WHAT THE TASK REQUIRES →
The material below holds a span beginning at the line with "Eenvoudig onderhoud: Inclusief" and ending at the line with "En fil chromé, l’étagère". Quote that span exactly, both ends included, and only that span.

ENTRIES PROVIDED →
╔══
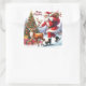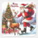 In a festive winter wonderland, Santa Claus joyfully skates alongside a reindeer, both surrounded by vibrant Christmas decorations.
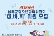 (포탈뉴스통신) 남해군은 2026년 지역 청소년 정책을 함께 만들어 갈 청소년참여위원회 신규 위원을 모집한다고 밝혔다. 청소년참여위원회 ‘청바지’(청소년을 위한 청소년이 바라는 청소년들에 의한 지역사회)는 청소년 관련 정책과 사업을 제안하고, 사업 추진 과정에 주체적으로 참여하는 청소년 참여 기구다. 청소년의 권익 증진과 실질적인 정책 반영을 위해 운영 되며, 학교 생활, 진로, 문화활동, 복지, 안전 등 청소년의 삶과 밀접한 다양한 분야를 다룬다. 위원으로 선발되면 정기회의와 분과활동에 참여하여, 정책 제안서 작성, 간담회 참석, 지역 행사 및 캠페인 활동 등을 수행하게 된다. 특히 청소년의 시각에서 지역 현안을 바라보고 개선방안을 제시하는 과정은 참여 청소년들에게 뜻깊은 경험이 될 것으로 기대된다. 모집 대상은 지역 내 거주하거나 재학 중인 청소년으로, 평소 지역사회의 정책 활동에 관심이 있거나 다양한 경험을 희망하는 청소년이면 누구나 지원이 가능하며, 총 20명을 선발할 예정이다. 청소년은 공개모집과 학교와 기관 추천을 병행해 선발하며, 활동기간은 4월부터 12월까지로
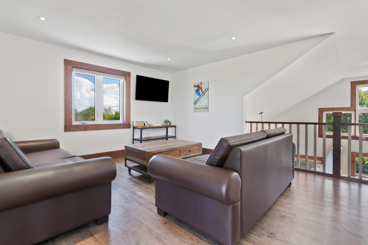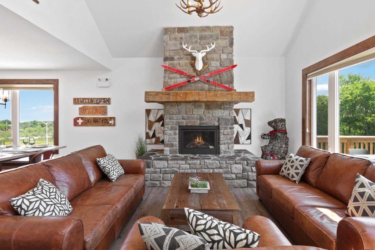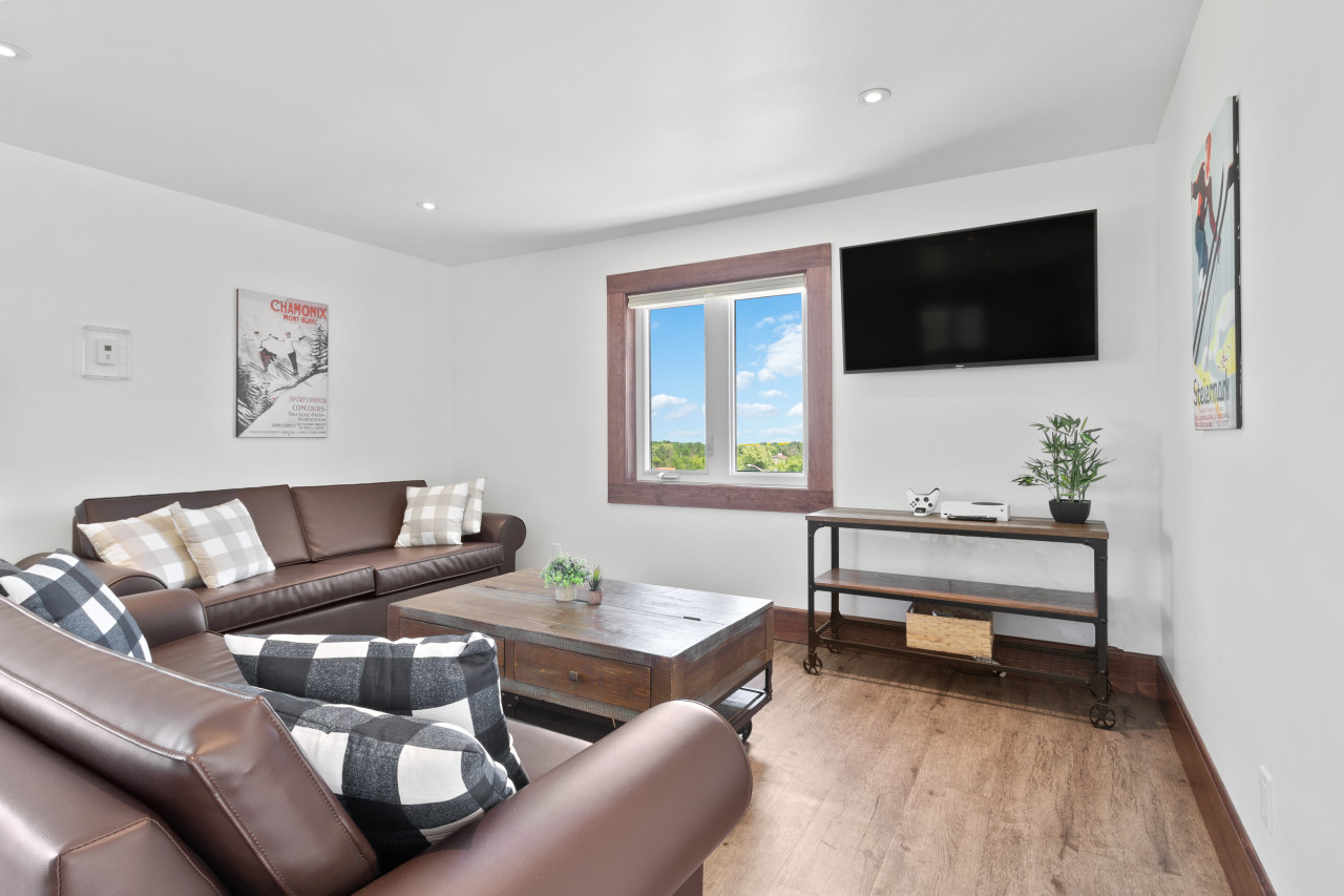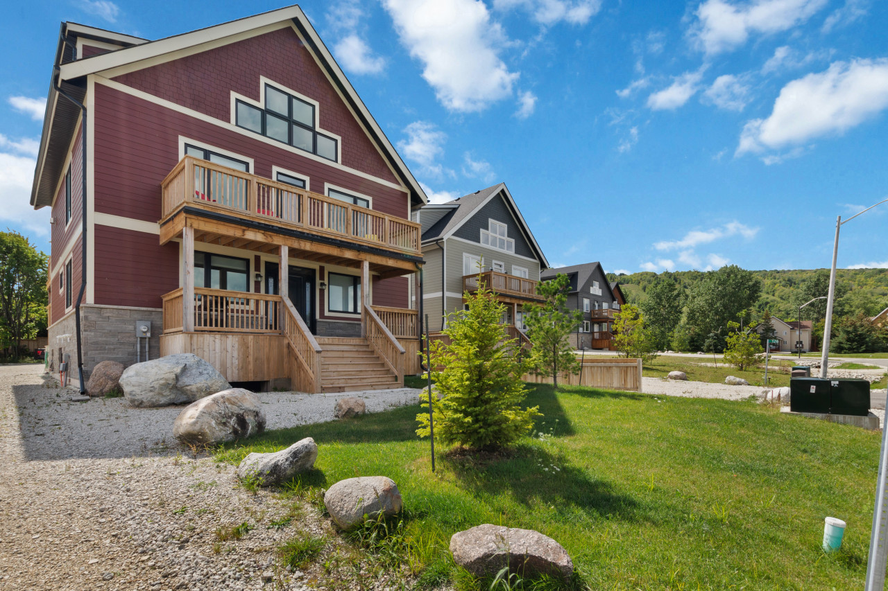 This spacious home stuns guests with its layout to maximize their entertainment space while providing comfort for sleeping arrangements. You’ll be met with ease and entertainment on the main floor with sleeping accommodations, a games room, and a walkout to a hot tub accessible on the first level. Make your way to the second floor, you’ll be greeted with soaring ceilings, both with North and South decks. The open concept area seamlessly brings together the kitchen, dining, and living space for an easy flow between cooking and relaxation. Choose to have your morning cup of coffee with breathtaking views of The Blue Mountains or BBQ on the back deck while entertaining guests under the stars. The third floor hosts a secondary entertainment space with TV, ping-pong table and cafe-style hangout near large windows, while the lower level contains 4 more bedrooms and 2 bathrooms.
╚══
╔══
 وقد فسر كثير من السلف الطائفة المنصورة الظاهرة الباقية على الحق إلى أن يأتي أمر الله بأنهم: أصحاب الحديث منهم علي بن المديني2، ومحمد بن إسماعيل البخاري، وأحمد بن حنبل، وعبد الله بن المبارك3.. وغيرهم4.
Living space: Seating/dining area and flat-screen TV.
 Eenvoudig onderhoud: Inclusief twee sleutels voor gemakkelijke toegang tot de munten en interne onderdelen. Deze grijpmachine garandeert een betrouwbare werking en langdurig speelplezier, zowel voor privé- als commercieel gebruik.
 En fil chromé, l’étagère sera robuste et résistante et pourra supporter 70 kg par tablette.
╚══
OUTPUT BELOW →
 Eenvoudig onderhoud: Inclusief twee sleutels voor gemakkelijke toegang tot de munten en interne onderdelen. Deze grijpmachine garandeert een betrouwbare werking en langdurig speelplezier, zowel voor privé- als commercieel gebruik.
 En fil chromé, l’étagère sera robuste et résistante et pourra supporter 70 kg par tablette.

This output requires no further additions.